MATERIAL PROVIDED Start Marker

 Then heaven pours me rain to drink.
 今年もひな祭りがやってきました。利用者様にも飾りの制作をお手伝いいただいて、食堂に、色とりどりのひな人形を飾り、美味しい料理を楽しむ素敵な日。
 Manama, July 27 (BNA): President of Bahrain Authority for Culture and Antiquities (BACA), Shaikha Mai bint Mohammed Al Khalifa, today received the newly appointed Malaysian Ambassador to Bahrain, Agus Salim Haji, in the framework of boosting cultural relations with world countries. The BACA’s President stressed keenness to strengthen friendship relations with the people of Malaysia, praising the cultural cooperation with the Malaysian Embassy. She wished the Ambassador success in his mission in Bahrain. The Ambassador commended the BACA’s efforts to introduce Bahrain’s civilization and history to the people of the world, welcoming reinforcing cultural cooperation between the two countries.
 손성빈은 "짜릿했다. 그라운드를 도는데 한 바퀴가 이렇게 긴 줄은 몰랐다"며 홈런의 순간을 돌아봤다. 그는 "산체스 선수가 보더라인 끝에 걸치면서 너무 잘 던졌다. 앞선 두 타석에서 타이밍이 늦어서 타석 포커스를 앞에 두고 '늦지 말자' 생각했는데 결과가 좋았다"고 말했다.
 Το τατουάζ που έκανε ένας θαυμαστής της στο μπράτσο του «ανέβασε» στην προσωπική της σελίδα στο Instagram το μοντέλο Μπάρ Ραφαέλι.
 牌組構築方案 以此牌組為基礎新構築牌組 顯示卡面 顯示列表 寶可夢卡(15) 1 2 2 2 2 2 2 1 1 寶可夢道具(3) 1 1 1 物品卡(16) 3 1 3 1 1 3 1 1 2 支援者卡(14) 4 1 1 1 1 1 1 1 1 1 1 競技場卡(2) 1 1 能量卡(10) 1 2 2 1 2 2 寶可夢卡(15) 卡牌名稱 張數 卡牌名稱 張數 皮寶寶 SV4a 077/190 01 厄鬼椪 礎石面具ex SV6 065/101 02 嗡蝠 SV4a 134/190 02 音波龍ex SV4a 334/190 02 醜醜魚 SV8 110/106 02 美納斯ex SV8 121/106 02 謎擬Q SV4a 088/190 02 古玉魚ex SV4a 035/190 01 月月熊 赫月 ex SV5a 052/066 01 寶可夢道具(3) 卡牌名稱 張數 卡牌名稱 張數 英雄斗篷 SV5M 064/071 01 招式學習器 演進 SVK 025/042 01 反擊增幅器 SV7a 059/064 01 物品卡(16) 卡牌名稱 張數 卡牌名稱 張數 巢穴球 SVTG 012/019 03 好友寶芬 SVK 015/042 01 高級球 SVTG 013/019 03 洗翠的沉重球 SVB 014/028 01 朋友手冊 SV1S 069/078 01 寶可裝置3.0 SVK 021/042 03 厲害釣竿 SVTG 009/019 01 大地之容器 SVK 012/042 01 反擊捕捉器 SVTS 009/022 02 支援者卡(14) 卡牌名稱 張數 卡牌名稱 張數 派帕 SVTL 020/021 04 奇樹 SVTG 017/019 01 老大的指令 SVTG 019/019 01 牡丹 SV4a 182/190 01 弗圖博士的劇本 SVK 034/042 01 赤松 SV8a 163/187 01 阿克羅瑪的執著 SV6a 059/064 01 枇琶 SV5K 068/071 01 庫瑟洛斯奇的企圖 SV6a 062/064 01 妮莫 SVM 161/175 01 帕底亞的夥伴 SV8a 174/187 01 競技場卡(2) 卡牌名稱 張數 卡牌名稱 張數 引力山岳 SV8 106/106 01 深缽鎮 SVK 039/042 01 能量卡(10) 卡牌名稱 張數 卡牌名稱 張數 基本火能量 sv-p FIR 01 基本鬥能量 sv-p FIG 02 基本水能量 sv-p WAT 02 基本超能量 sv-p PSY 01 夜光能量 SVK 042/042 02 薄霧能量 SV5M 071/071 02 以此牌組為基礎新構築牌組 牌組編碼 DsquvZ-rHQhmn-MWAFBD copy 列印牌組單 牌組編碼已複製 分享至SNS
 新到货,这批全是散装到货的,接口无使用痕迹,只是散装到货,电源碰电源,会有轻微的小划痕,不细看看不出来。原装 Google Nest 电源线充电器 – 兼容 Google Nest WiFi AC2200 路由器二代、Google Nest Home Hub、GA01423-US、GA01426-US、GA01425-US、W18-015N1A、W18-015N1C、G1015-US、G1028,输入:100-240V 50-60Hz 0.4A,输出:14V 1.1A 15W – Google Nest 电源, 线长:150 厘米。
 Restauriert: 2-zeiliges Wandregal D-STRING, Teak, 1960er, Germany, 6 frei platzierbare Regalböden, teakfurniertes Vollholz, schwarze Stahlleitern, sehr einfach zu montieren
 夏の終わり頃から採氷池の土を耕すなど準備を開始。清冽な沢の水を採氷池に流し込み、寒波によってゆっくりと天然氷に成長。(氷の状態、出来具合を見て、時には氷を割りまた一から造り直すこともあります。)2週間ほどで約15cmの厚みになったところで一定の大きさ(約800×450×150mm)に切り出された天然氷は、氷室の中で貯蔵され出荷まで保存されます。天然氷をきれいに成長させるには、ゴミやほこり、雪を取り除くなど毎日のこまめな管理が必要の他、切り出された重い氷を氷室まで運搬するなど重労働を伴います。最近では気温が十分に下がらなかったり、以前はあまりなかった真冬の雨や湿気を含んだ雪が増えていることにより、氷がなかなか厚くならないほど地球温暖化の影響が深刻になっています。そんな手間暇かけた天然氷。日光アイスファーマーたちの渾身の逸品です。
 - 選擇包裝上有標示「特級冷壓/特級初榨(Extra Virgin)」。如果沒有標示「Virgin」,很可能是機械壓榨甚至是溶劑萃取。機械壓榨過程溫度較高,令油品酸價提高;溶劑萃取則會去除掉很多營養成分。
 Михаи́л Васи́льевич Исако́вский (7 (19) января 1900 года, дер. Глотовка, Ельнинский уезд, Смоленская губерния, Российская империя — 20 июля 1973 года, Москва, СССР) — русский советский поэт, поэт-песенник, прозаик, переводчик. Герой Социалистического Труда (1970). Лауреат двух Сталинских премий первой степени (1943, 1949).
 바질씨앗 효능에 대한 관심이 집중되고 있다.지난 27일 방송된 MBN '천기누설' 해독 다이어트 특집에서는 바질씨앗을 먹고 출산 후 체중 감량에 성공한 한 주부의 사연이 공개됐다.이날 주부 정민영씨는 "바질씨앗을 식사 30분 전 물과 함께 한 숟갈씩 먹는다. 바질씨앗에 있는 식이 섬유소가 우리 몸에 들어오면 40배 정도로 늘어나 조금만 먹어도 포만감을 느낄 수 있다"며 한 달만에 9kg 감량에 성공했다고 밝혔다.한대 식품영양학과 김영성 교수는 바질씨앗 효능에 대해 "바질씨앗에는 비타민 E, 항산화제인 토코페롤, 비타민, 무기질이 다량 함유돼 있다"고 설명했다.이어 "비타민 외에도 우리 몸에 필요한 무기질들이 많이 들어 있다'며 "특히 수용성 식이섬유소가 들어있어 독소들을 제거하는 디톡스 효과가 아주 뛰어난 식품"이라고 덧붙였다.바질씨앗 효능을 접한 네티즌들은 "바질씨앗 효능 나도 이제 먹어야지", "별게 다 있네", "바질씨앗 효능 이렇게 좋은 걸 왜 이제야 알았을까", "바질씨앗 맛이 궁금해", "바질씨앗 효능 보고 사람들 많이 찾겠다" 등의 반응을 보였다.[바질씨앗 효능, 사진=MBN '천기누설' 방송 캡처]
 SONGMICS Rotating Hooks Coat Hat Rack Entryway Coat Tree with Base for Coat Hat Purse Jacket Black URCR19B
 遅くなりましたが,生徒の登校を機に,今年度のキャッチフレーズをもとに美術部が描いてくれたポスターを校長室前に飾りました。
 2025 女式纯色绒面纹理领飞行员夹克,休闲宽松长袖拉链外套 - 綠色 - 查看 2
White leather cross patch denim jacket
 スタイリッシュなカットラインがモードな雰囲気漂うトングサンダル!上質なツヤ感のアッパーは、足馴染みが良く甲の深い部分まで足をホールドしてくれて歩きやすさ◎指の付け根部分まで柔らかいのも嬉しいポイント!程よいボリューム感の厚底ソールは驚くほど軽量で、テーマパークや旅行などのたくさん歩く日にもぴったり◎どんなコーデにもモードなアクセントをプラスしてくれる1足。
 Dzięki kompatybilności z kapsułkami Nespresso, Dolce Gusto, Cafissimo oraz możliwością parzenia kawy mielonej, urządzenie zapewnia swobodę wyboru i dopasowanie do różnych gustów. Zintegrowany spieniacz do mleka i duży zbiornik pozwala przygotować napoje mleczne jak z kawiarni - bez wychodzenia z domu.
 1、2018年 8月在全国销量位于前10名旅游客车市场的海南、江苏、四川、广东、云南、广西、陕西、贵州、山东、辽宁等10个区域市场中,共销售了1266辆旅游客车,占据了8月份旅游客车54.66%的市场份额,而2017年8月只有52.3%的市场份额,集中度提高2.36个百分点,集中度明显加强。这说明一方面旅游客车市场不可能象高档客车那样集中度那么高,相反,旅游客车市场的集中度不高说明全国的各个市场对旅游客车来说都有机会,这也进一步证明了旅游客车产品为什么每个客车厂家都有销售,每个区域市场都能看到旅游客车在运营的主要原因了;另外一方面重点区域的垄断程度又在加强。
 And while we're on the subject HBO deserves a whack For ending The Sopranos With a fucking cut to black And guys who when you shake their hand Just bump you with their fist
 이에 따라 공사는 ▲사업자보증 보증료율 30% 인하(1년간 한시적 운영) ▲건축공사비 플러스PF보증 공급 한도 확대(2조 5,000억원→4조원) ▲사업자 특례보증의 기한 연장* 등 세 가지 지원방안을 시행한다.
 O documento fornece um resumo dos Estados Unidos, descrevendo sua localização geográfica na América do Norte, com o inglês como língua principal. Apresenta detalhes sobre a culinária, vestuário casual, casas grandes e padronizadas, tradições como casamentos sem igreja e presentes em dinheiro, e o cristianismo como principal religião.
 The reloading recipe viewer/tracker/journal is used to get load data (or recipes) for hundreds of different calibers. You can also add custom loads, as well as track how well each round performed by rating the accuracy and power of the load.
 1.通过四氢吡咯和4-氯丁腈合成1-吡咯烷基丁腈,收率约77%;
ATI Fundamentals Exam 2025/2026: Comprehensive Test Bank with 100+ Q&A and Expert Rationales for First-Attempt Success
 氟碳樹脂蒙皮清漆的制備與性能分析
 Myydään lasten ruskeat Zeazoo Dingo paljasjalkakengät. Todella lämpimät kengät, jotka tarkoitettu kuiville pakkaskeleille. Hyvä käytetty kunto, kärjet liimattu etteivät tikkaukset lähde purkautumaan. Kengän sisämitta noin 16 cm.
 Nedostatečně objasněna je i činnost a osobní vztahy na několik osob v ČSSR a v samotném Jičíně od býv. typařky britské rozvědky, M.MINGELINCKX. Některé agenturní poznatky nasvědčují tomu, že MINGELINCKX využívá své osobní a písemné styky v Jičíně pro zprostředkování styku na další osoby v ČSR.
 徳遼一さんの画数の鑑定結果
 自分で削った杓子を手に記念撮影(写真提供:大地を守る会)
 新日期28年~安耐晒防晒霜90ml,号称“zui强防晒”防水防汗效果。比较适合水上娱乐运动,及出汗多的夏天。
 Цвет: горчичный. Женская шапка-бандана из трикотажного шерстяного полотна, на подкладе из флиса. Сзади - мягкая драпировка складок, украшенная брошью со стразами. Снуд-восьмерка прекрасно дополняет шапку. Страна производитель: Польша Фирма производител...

MATERIAL PROVIDED End Marker

AIM OF THE EXERCISE:
Copy the lines of the data above exactly as written, beginning with the line containing "The reloading recipe" and ending with the line containing "新日期28年~安耐晒防晒霜9", and leave out all other lines.

RESPONSE FOR THIS EXERCISE:
 The reloading recipe viewer/tracker/journal is used to get load data (or recipes) for hundreds of different calibers. You can also add custom loads, as well as track how well each round performed by rating the accuracy and power of the load.
 1.通过四氢吡咯和4-氯丁腈合成1-吡咯烷基丁腈,收率约77%;
ATI Fundamentals Exam 2025/2026: Comprehensive Test Bank with 100+ Q&A and Expert Rationales for First-Attempt Success
 氟碳樹脂蒙皮清漆的制備與性能分析
 Myydään lasten ruskeat Zeazoo Dingo paljasjalkakengät. Todella lämpimät kengät, jotka tarkoitettu kuiville pakkaskeleille. Hyvä käytetty kunto, kärjet liimattu etteivät tikkaukset lähde purkautumaan. Kengän sisämitta noin 16 cm.
 Nedostatečně objasněna je i činnost a osobní vztahy na několik osob v ČSSR a v samotném Jičíně od býv. typařky britské rozvědky, M.MINGELINCKX. Některé agenturní poznatky nasvědčují tomu, že MINGELINCKX využívá své osobní a písemné styky v Jičíně pro zprostředkování styku na další osoby v ČSR.
 徳遼一さんの画数の鑑定結果
 自分で削った杓子を手に記念撮影(写真提供:大地を守る会)
 新日期28年~安耐晒防晒霜90ml,号称“zui强防晒”防水防汗效果。比较适合水上娱乐运动,及出汗多的夏天。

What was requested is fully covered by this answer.